_How to complete this task:_ When you copy from the entries that follow, take only the lines from the one with "Andere correcties moeten" down to the one with "R.T. Farid Husin", keeping both ends and dropping every picture.

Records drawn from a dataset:
⟨
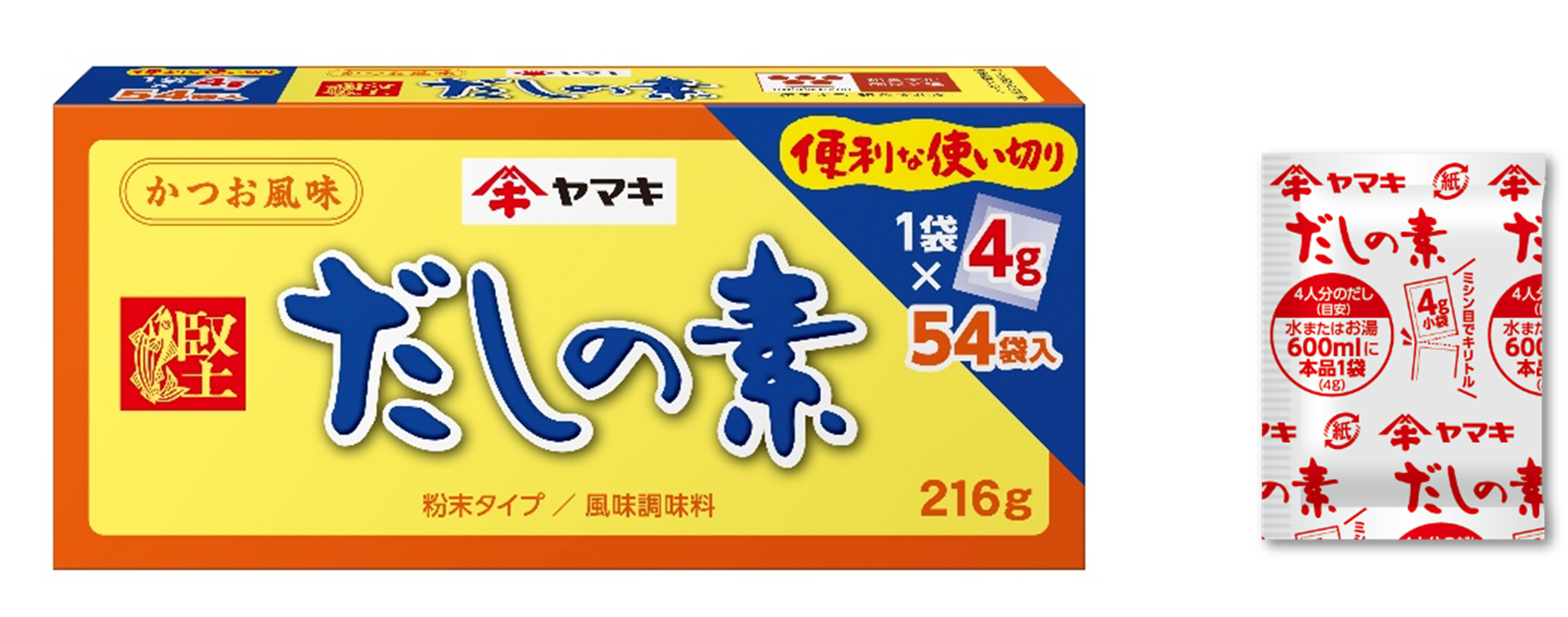 ヤマキ株式会社(本社:愛媛県伊予市 代表取締役社長:城戸善浩)は、『だしの素216g』の外箱と小袋のパッケージデザインをリニューアルして発売します。
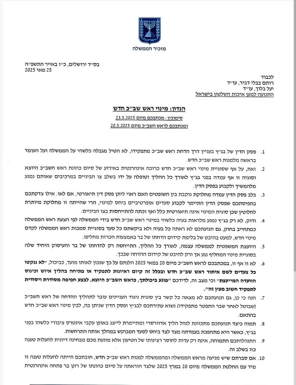 Бенгаль: "Я могу привести тебе десять примеров. Например, назначение судей в БАГАЦ".
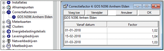 Andere correcties moeten tijdgebonden worden ingevoerd. Dit geldt voor de calorische correctie voor gas, maar ook correcties om de som van submeters op een controleerbare manier gelijk te maken aan de hoofdmeter. Een hoofdmeter zal (vanwege de grootte) een kleiner afwijkingspercentage hebben dan de submeters.
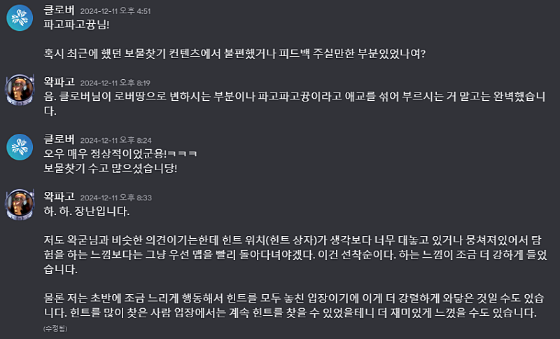 보물찾기 1 이 끝난 뒤 참가하신 모든 참가자분들에게 연락을 해서 1 에서의 개선점등의
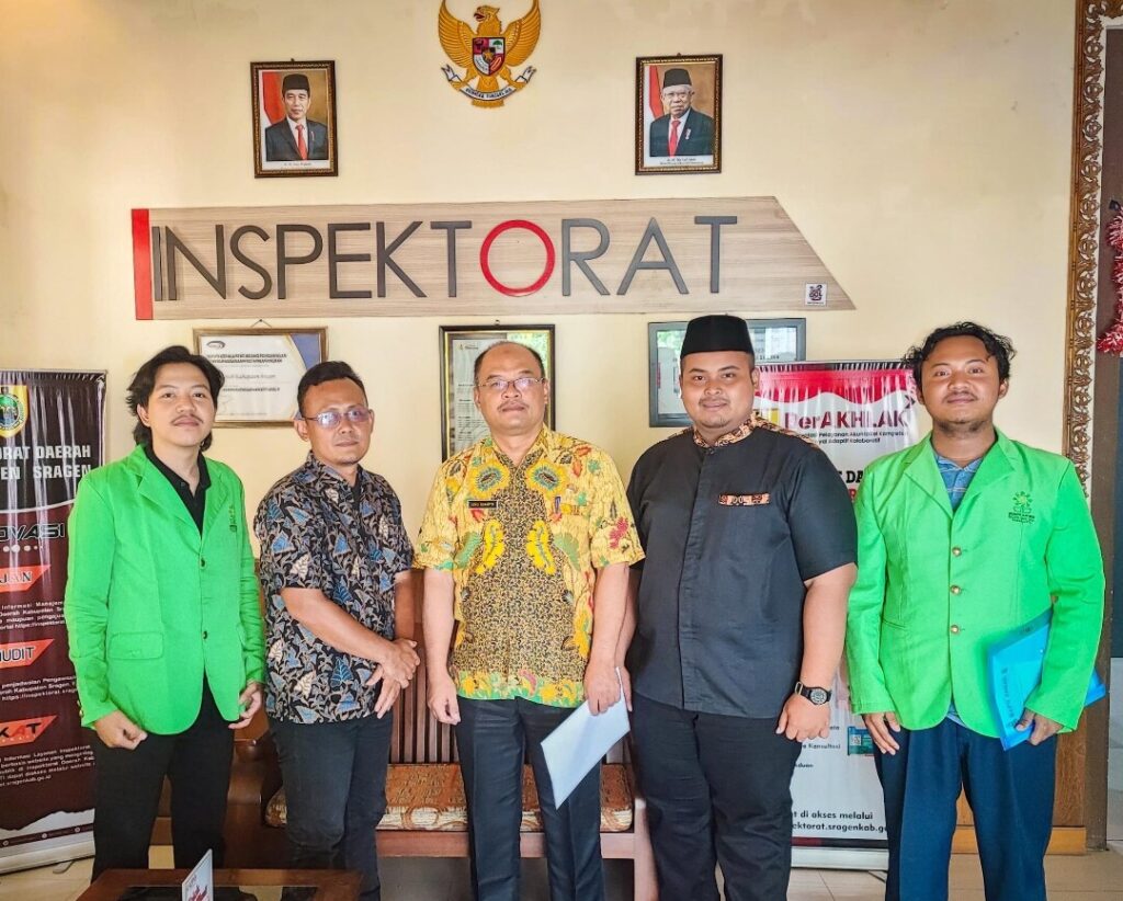 R.T. Farid Husin R., S.H., bersama Tim Advokasi Hukum dan HAM mendatangi Inspektorat Kabupaten Sragen diterima dan disambut langsung oleh Inspektur Kabupaten Sragen Badrus Samsu Darusi dan Joko Sunaryo.
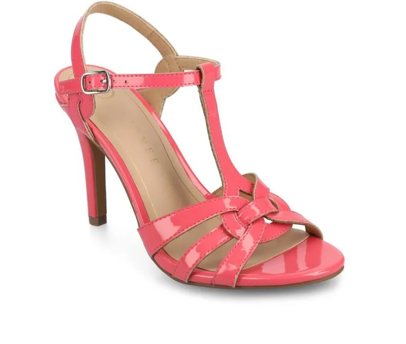 The Valry Stiletto Heel from Journee exudes elegance with its buckle ankle strap and chic woven T-strap detail, offering a sophisticated look. Crafted from smooth faux leather, it features a flattering open-toe design and a 3 3/4-inch heel for added height. A cushioned insole provides comfort, making this stiletto perfect for both style and all-day wear.
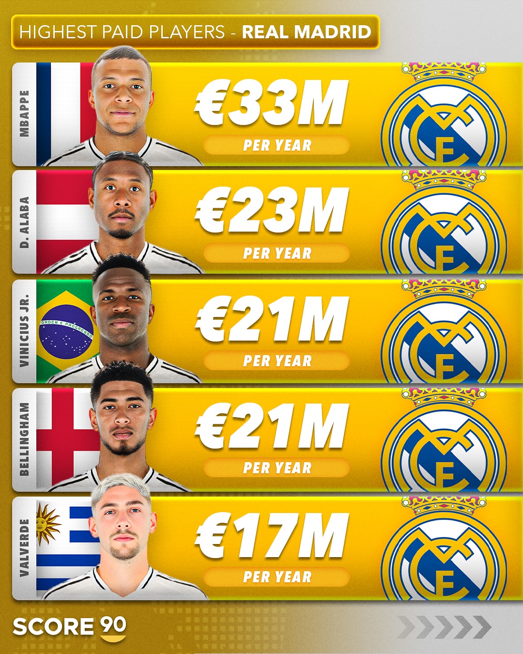 皇馬隊(duì)內(nèi)年薪前五:(單位/歐元)1-姆巴佩,3300萬(wàn)2-阿拉巴,2300萬(wàn)3-維尼修斯,2100萬(wàn)4-貝林厄姆,2100萬(wàn)5-巴爾韋德,1700萬(wàn) 本文標(biāo)簽: 足球 西甲 皇家馬德里 姆巴佩 貝林厄姆
⟩
_Answer below:_
 Andere correcties moeten tijdgebonden worden ingevoerd. Dit geldt voor de calorische correctie voor gas, maar ook correcties om de som van submeters op een controleerbare manier gelijk te maken aan de hoofdmeter. Een hoofdmeter zal (vanwege de grootte) een kleiner afwijkingspercentage hebben dan de submeters.
 보물찾기 1 이 끝난 뒤 참가하신 모든 참가자분들에게 연락을 해서 1 에서의 개선점등의
 R.T. Farid Husin R., S.H., bersama Tim Advokasi Hukum dan HAM mendatangi Inspektorat Kabupaten Sragen diterima dan disambut langsung oleh Inspektur Kabupaten Sragen Badrus Samsu Darusi dan Joko Sunaryo.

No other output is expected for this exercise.